_Activity_
Repeat the span of the entries below that starts at the line with "天天消之旅app是一款畫面卡" and ends at the line with "为深入学习贯彻习近平新时代中", nothing more. Skip the pictures.

_Data section_

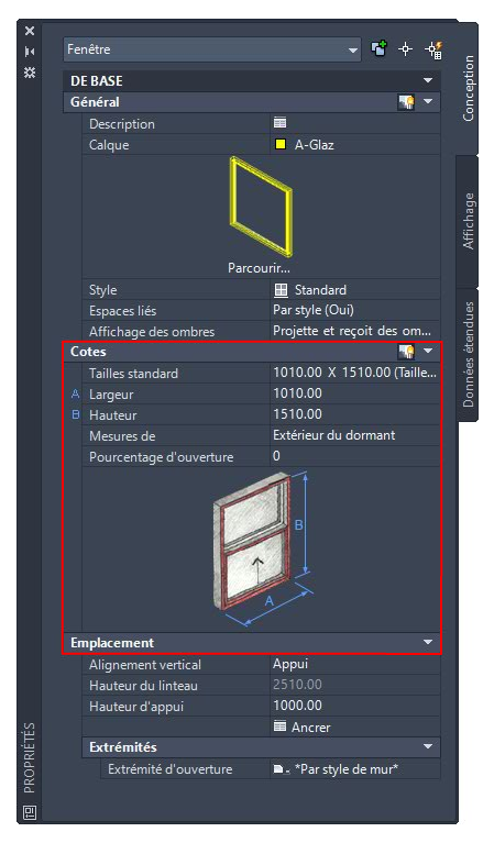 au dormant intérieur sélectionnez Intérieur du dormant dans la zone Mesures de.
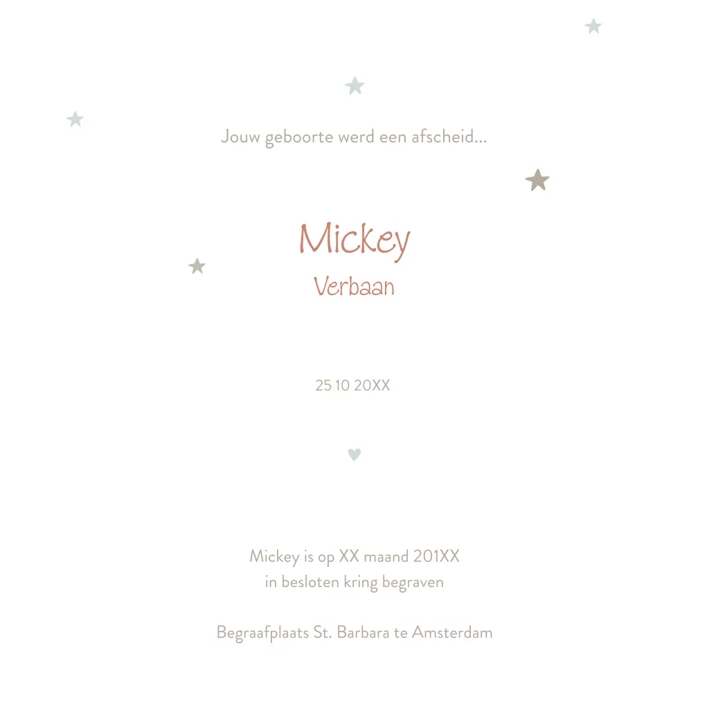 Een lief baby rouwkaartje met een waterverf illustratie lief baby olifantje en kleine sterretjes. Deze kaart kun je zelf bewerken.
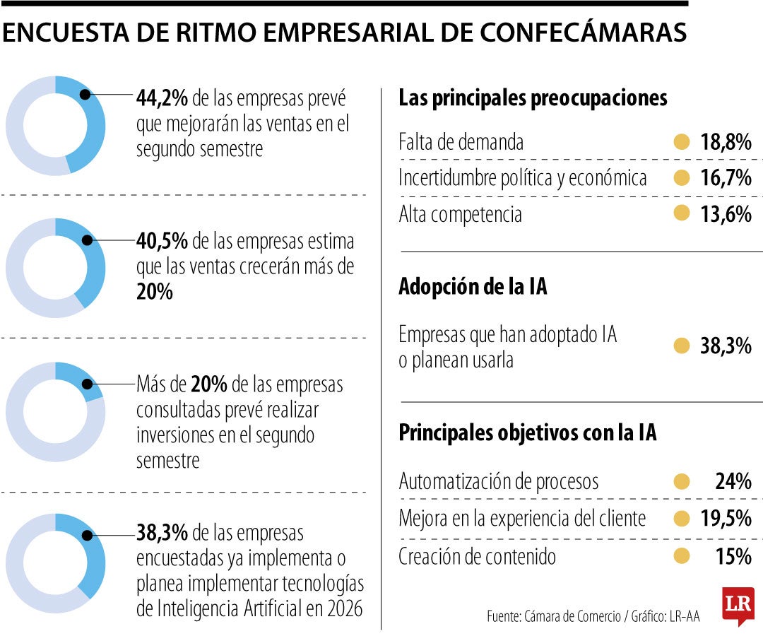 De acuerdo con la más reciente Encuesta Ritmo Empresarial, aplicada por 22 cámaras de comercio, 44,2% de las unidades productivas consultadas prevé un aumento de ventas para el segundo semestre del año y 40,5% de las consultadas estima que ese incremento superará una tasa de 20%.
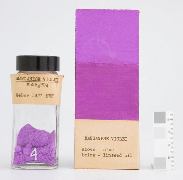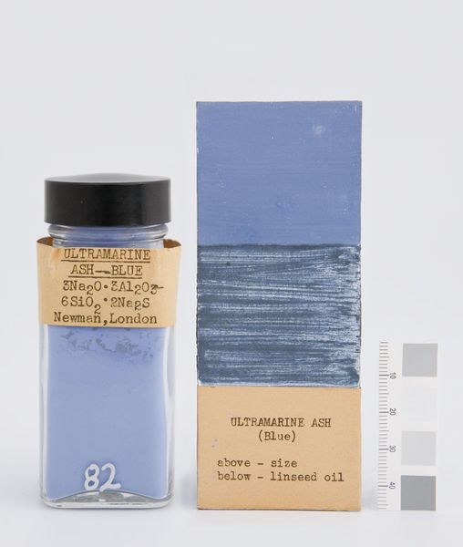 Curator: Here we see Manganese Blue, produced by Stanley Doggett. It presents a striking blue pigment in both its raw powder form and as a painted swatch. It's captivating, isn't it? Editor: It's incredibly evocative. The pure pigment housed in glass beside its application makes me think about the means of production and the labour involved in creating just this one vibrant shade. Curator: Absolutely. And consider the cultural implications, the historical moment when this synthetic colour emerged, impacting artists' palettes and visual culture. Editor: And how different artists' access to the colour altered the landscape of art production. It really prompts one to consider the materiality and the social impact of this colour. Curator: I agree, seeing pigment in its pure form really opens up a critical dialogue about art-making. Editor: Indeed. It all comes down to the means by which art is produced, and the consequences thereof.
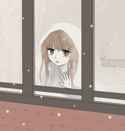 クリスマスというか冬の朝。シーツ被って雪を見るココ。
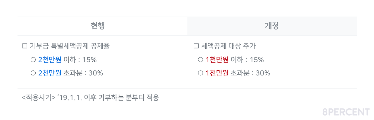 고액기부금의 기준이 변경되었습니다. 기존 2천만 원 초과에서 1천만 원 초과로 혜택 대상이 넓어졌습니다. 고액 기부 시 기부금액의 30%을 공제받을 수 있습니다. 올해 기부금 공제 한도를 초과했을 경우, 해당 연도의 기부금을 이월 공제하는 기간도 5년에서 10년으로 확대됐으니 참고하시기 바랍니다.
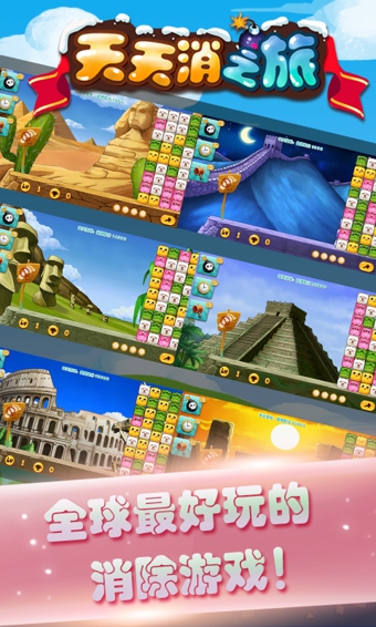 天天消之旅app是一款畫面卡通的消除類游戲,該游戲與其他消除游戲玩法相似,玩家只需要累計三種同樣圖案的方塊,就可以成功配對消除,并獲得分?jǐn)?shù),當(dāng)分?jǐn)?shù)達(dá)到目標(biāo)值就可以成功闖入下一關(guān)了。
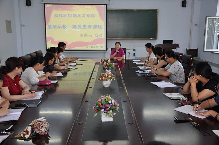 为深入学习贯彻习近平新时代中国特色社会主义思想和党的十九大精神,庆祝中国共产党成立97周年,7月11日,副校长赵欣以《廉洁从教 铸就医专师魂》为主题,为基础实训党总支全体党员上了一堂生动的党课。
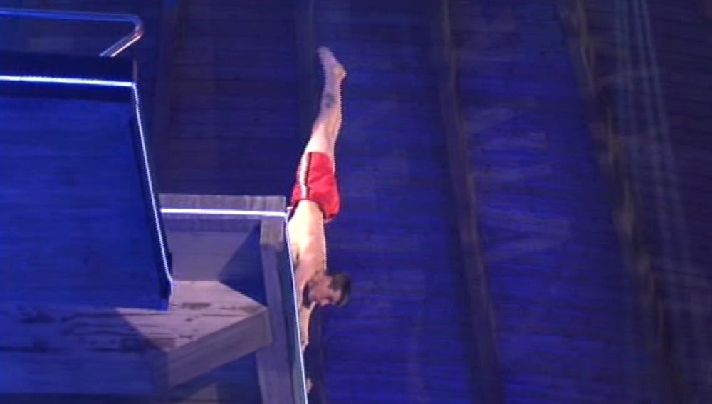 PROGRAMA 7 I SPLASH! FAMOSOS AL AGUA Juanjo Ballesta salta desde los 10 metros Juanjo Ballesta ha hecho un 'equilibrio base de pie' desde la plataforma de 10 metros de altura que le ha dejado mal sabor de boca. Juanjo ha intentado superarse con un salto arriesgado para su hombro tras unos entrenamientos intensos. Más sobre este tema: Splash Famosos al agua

...

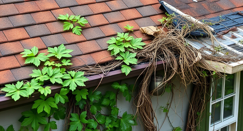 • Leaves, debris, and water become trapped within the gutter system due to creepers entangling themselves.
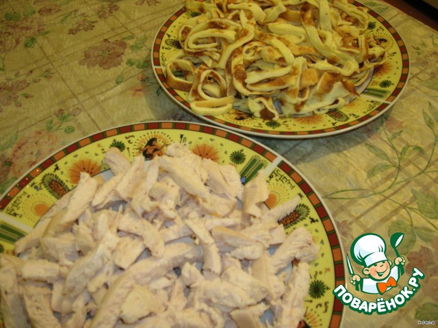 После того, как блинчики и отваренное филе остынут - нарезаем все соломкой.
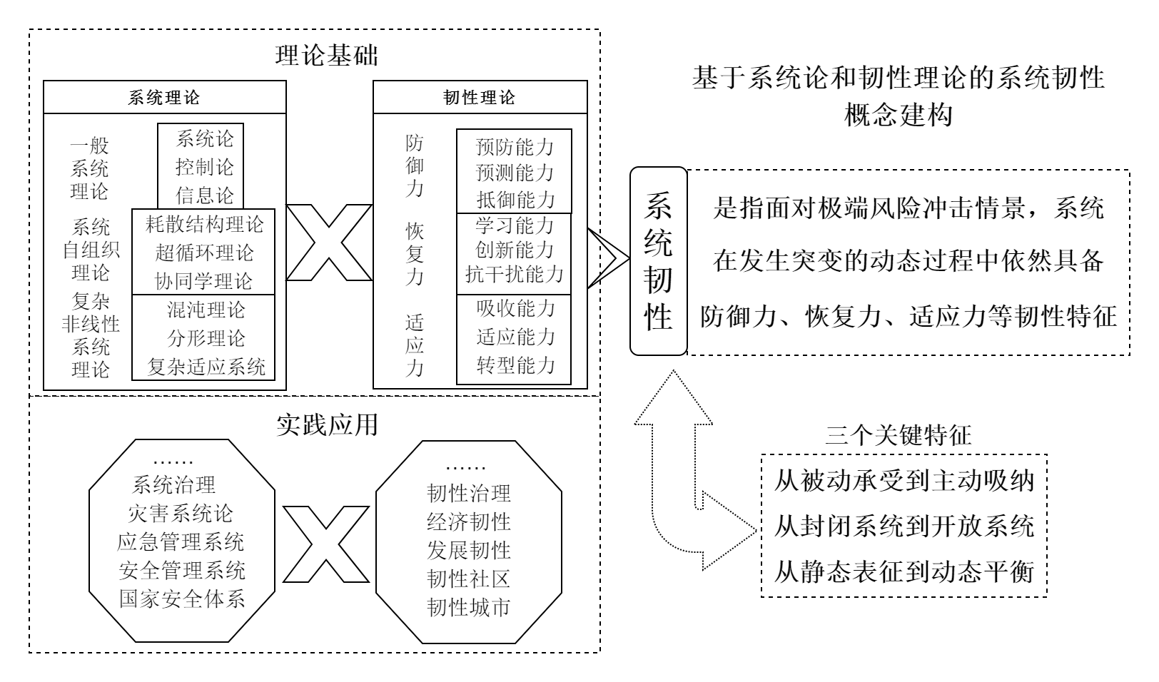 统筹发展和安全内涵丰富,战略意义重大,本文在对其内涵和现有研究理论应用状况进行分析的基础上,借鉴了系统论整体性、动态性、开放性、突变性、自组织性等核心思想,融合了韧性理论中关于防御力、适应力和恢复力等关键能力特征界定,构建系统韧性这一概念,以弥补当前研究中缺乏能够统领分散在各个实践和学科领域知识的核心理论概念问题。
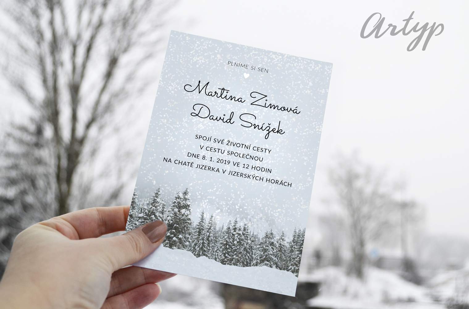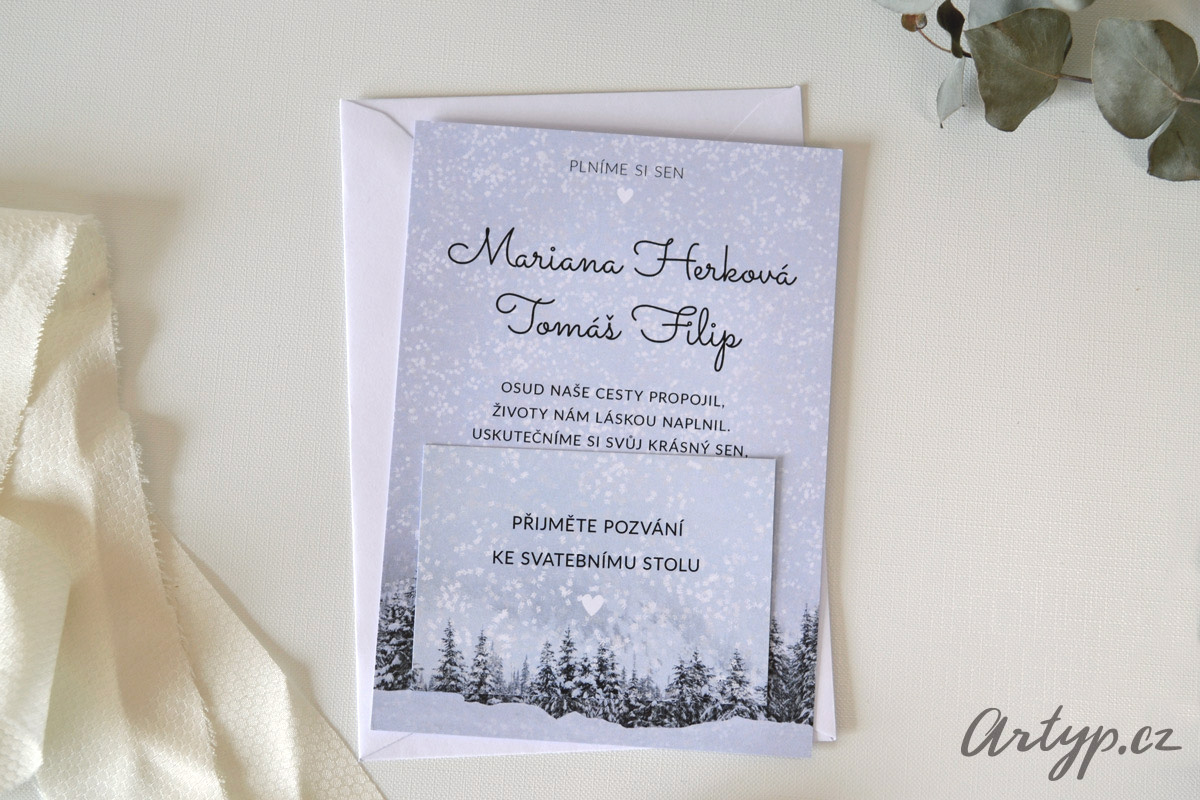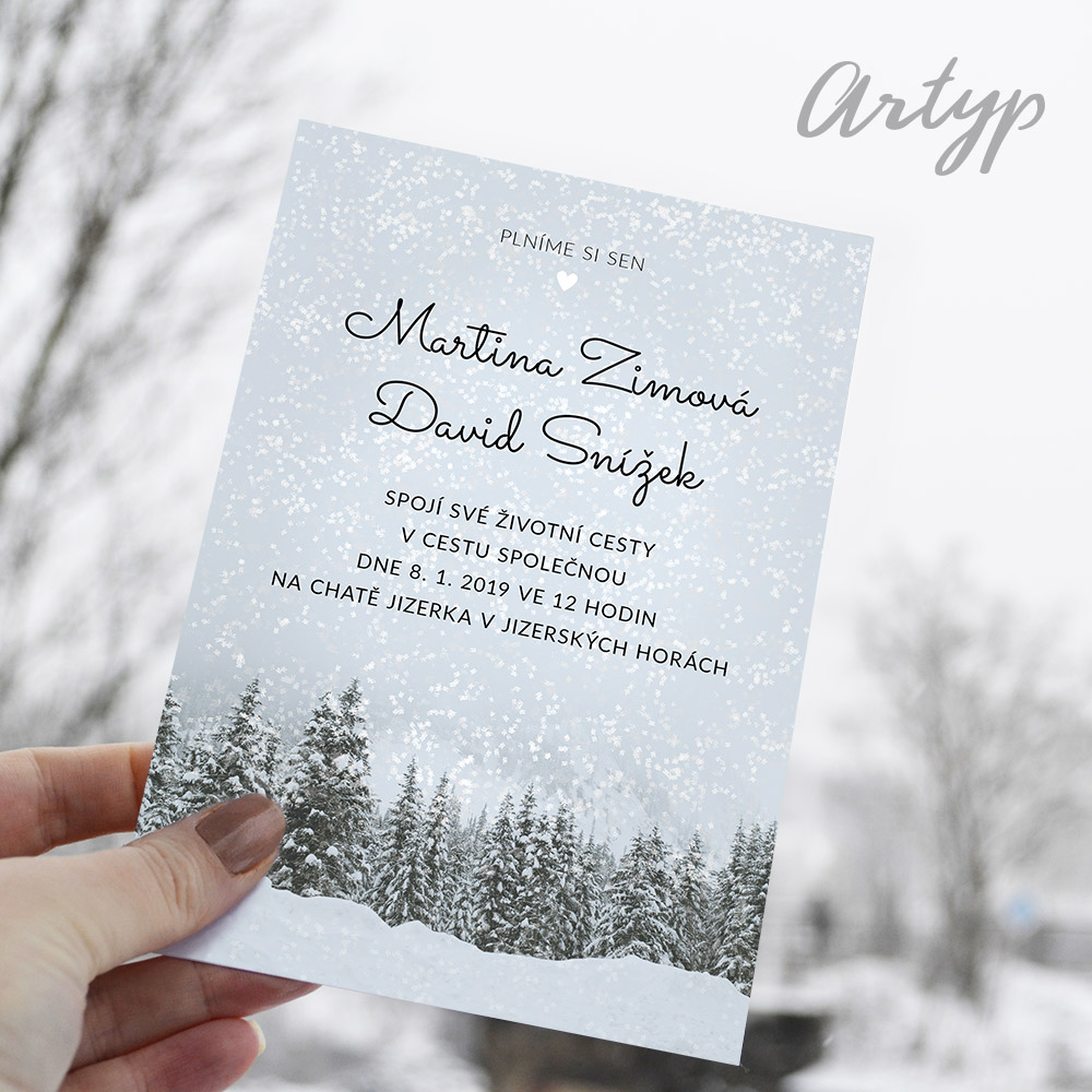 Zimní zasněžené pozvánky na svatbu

_Response_
 天天消之旅app是一款畫面卡通的消除類游戲,該游戲與其他消除游戲玩法相似,玩家只需要累計三種同樣圖案的方塊,就可以成功配對消除,并獲得分?jǐn)?shù),當(dāng)分?jǐn)?shù)達(dá)到目標(biāo)值就可以成功闖入下一關(guān)了。
 为深入学习贯彻习近平新时代中国特色社会主义思想和党的十九大精神,庆祝中国共产党成立97周年,7月11日,副校长赵欣以《廉洁从教 铸就医专师魂》为主题,为基础实训党总支全体党员上了一堂生动的党课。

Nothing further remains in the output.